[Data entries]
--

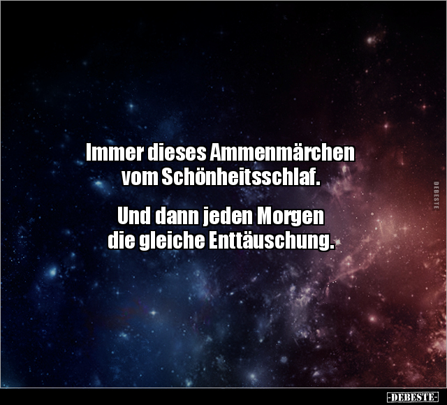 Immer dieses Ammenmärchen vom Schönheitsschlaf. Und dann jeden Morgen die gleiche Enttäuschung.
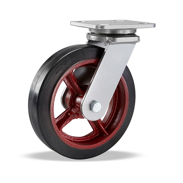 Workhorse Swivel Caster, 8" x 2" Moldon Rubber Wheel (70A), 3/4" Straight Roller Bearing
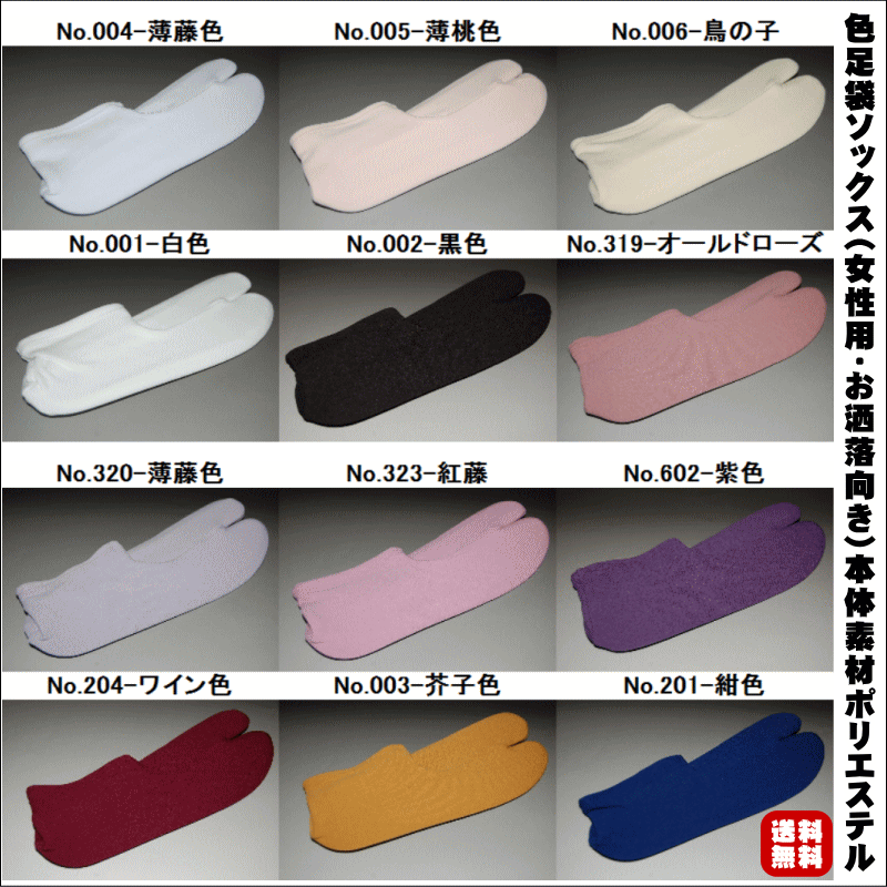 No.004-薄藤色 No.005-薄桃色 No.006-鳥の子 No.001-白色 No.002-黒色 No.319-オールドローズ No.320-薄藤色 No.323-紅藤 No.602-紫色 No.204-ワイン色 No.003-芥子色 No.201-紺色 選べるカラー展開の 無地色足袋ソックス 日本製・コハゼなし・のびるたび (ナイロン素材)
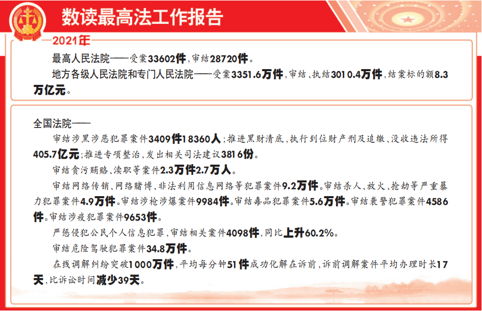 過(guò)去一年,司法前行的印記更加清晰,法治中國(guó)的腳步更加堅(jiān)毅,報(bào)告中的一個(gè)個(gè)案例,傳遞了鮮明的價(jià)值導(dǎo)向,讓法律條文走進(jìn)千家萬(wàn)戶。報(bào)告中的一串串?dāng)?shù)據(jù),勾勒出平安中國(guó)、法治中國(guó)建設(shè)新成效:2021年,最高人民法院受理案件33602件,審結(jié)28720件,制定司法解釋24件,發(fā)布指導(dǎo)性案例31個(gè);地方各級(jí)人民法院和專(zhuān)門(mén)人民法院受理案件3351.6萬(wàn)件,審結(jié)、執(zhí)結(jié)3010.4萬(wàn)件,結(jié)案標(biāo)的額8.3萬(wàn)億元,助推實(shí)現(xiàn)國(guó)家安全、社會(huì)安定、人民安寧。
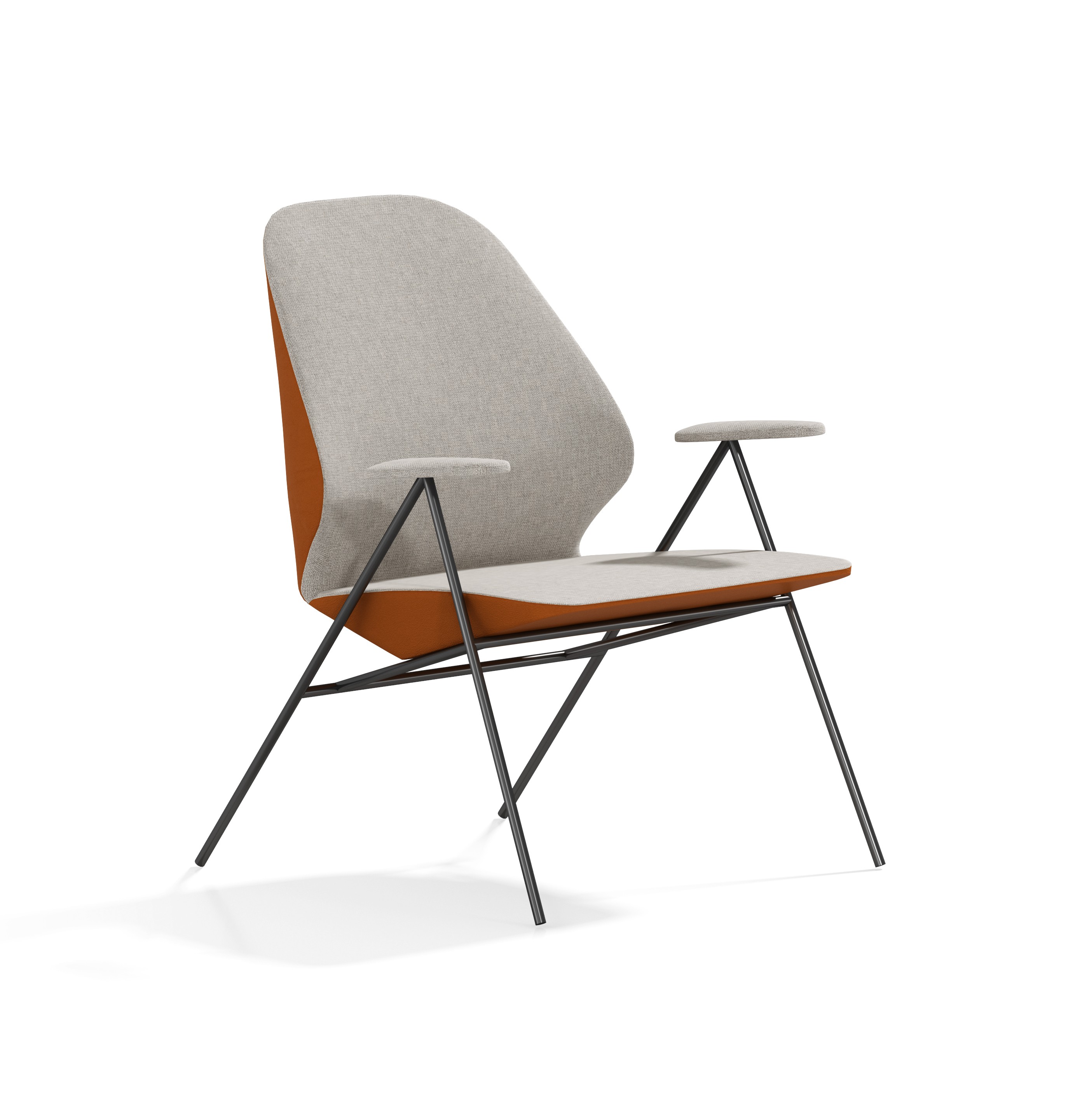 Retro-inspired lounge chair featuring light grey upholstery, warm wood seat detail, and black steel wire frame base.
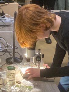 Vrijwilligers van IVN Westerkwartier en Het Groninger Landschap staan klaar met 7 microscopen, waarvan 2 met groot scherm. Je kunt die microscopen zelf bedienen met een beetje hulp van ons.
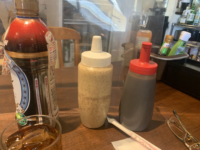 卓上の調味料類は醤油、ソース、胡麻ドレッシング、ワサビ、七味唐辛子などで、一般的なものですね。
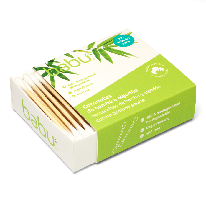 Embalagem inteiramente biodegradável, com 100 cotonetes em bambú e algodão
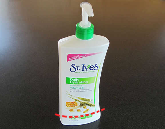 cuando una botella de loción de mano de la bomba está demasiado vacía a los espesos, suele haber demasiada loción a la izquierda para tirar la botella. La línea roja muestra cuánta loción puede dejarse en la botella cuando la bomba se da por vencido. Es fácil de quitar la bomba y cerrar la parte superior para permitir la botella a ser al revés. Si usted recibe la misma marca hay no hay necesidad de arreglar una tapa de nuevo cada vez, sólo guarde su cerrado parte superior hasta que se necesite.
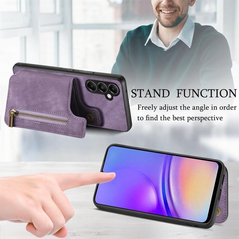 Για Samsung Galaxy A25 5G Retro δέρμα φερμουάρ πορτοφόλι πίσω θήκη τηλεφώνου (μωβ)
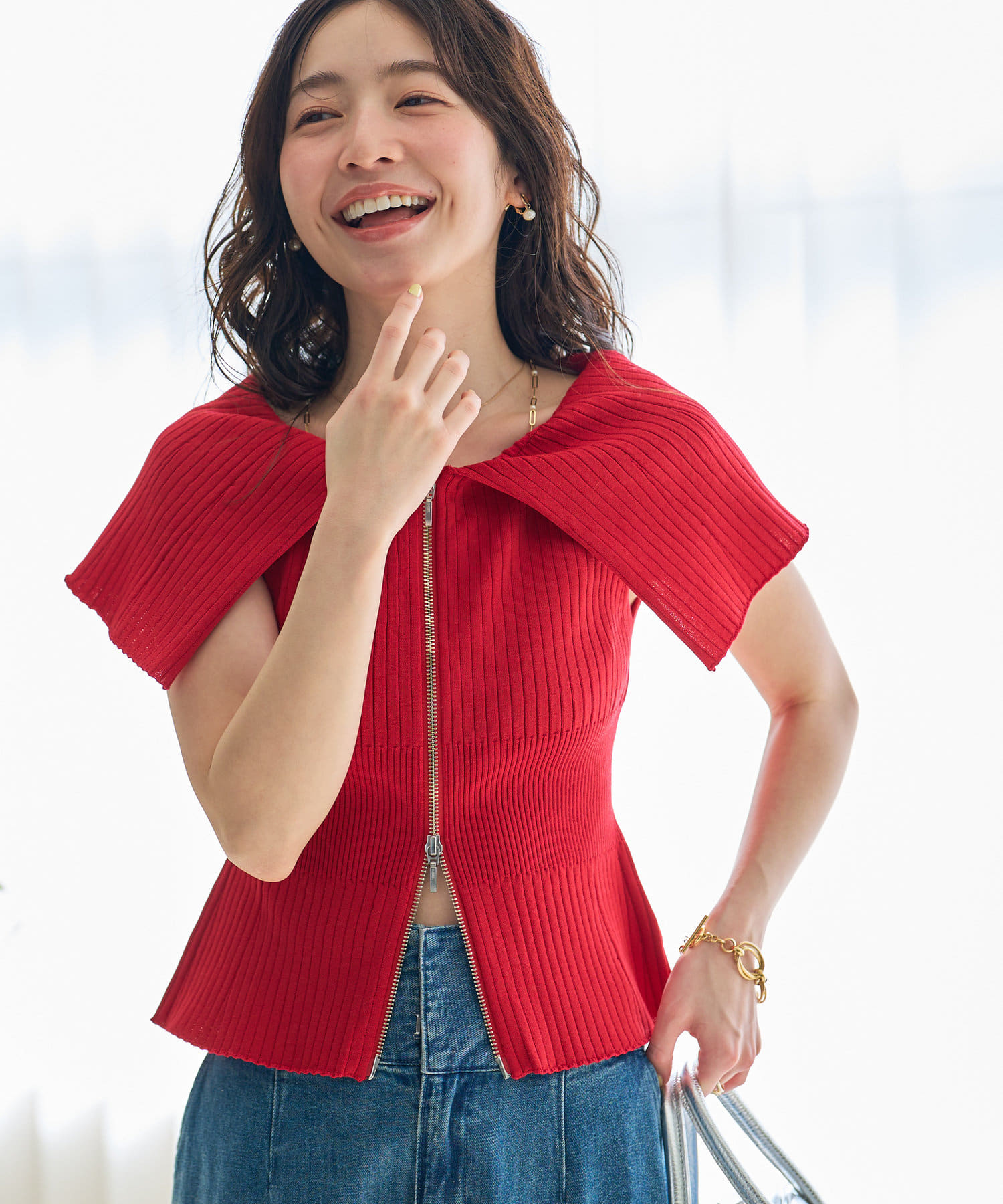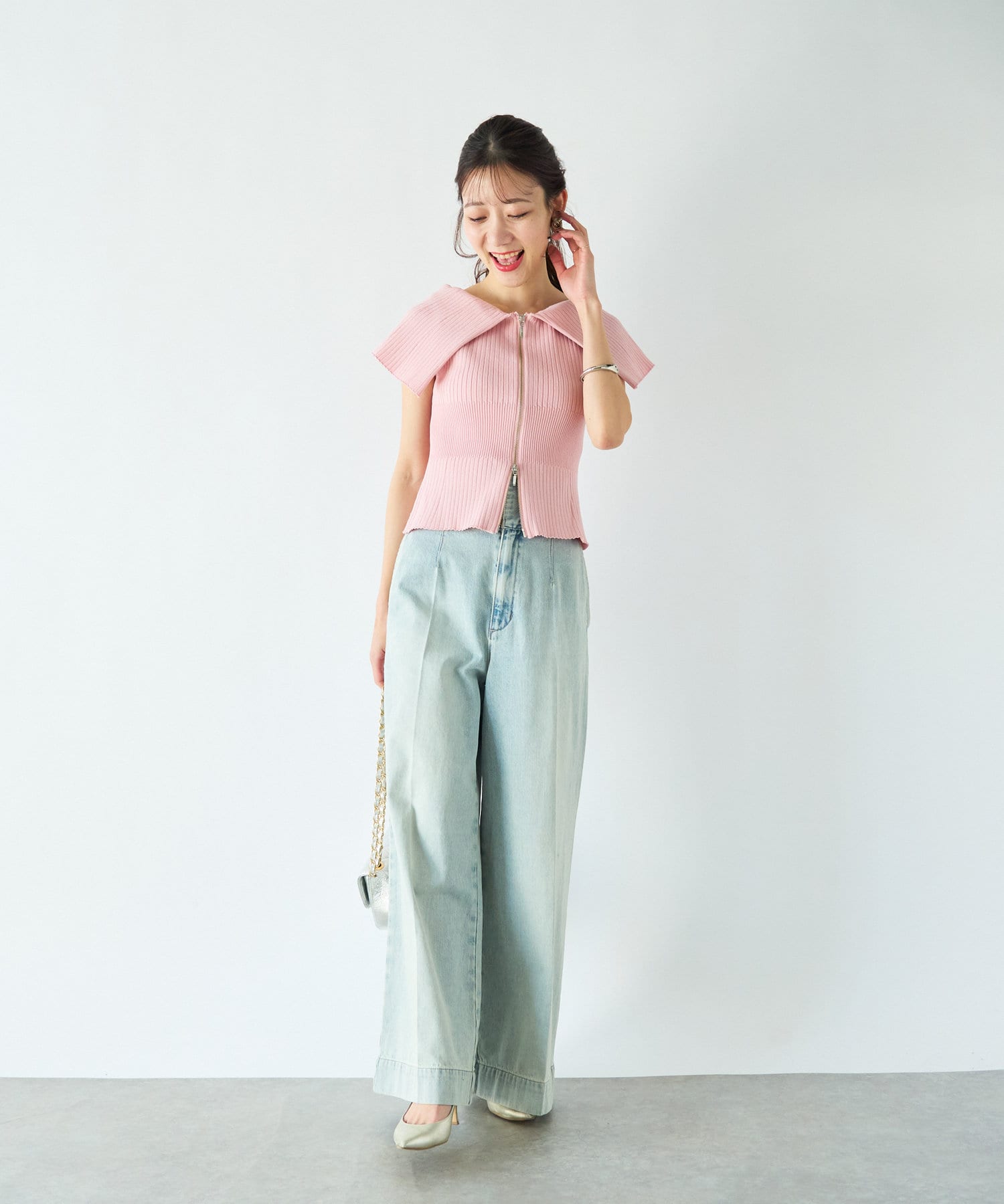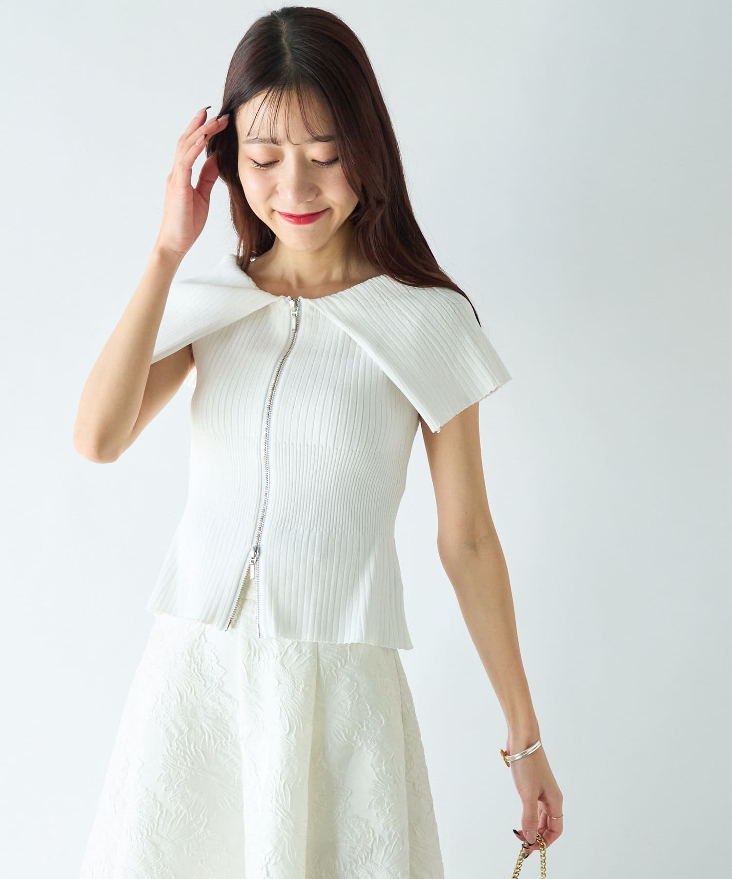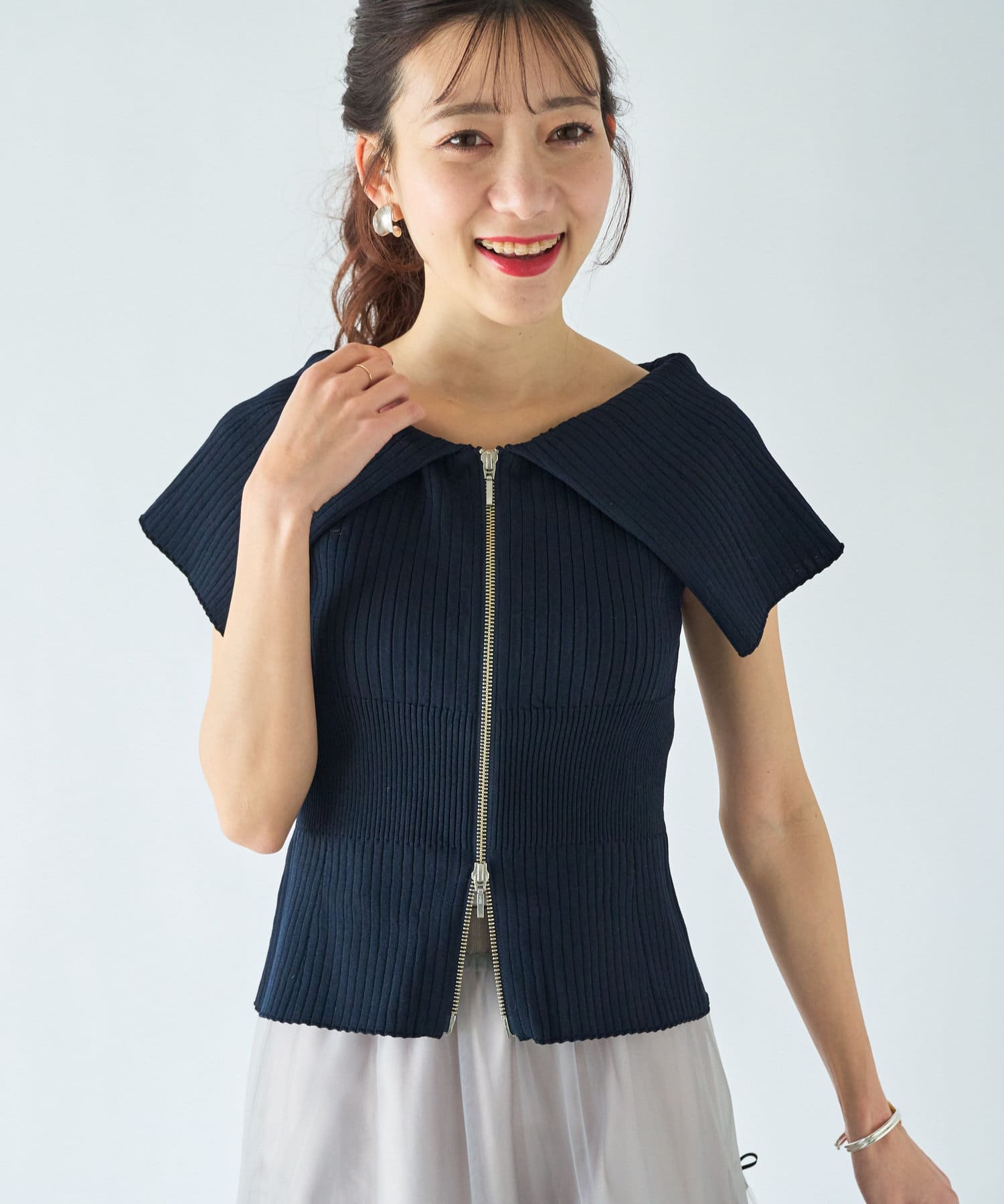 人気スタッフmikiが監修したフロントジップアップのニット。

--

Exercise prompt – Would you mind returning each entry above word for word, skipping the images?

Output below –
 Immer dieses Ammenmärchen vom Schönheitsschlaf. Und dann jeden Morgen die gleiche Enttäuschung.
 Workhorse Swivel Caster, 8" x 2" Moldon Rubber Wheel (70A), 3/4" Straight Roller Bearing
 No.004-薄藤色 No.005-薄桃色 No.006-鳥の子 No.001-白色 No.002-黒色 No.319-オールドローズ No.320-薄藤色 No.323-紅藤 No.602-紫色 No.204-ワイン色 No.003-芥子色 No.201-紺色 選べるカラー展開の 無地色足袋ソックス 日本製・コハゼなし・のびるたび (ナイロン素材)
 過(guò)去一年,司法前行的印記更加清晰,法治中國(guó)的腳步更加堅(jiān)毅,報(bào)告中的一個(gè)個(gè)案例,傳遞了鮮明的價(jià)值導(dǎo)向,讓法律條文走進(jìn)千家萬(wàn)戶。報(bào)告中的一串串?dāng)?shù)據(jù),勾勒出平安中國(guó)、法治中國(guó)建設(shè)新成效:2021年,最高人民法院受理案件33602件,審結(jié)28720件,制定司法解釋24件,發(fā)布指導(dǎo)性案例31個(gè);地方各級(jí)人民法院和專(zhuān)門(mén)人民法院受理案件3351.6萬(wàn)件,審結(jié)、執(zhí)結(jié)3010.4萬(wàn)件,結(jié)案標(biāo)的額8.3萬(wàn)億元,助推實(shí)現(xiàn)國(guó)家安全、社會(huì)安定、人民安寧。
 Retro-inspired lounge chair featuring light grey upholstery, warm wood seat detail, and black steel wire frame base.
 Vrijwilligers van IVN Westerkwartier en Het Groninger Landschap staan klaar met 7 microscopen, waarvan 2 met groot scherm. Je kunt die microscopen zelf bedienen met een beetje hulp van ons.
 卓上の調味料類は醤油、ソース、胡麻ドレッシング、ワサビ、七味唐辛子などで、一般的なものですね。
 Embalagem inteiramente biodegradável, com 100 cotonetes em bambú e algodão
 cuando una botella de loción de mano de la bomba está demasiado vacía a los espesos, suele haber demasiada loción a la izquierda para tirar la botella. La línea roja muestra cuánta loción puede dejarse en la botella cuando la bomba se da por vencido. Es fácil de quitar la bomba y cerrar la parte superior para permitir la botella a ser al revés. Si usted recibe la misma marca hay no hay necesidad de arreglar una tapa de nuevo cada vez, sólo guarde su cerrado parte superior hasta que se necesite.
 Για Samsung Galaxy A25 5G Retro δέρμα φερμουάρ πορτοφόλι πίσω θήκη τηλεφώνου (μωβ)
 人気スタッフmikiが監修したフロントジップアップのニット。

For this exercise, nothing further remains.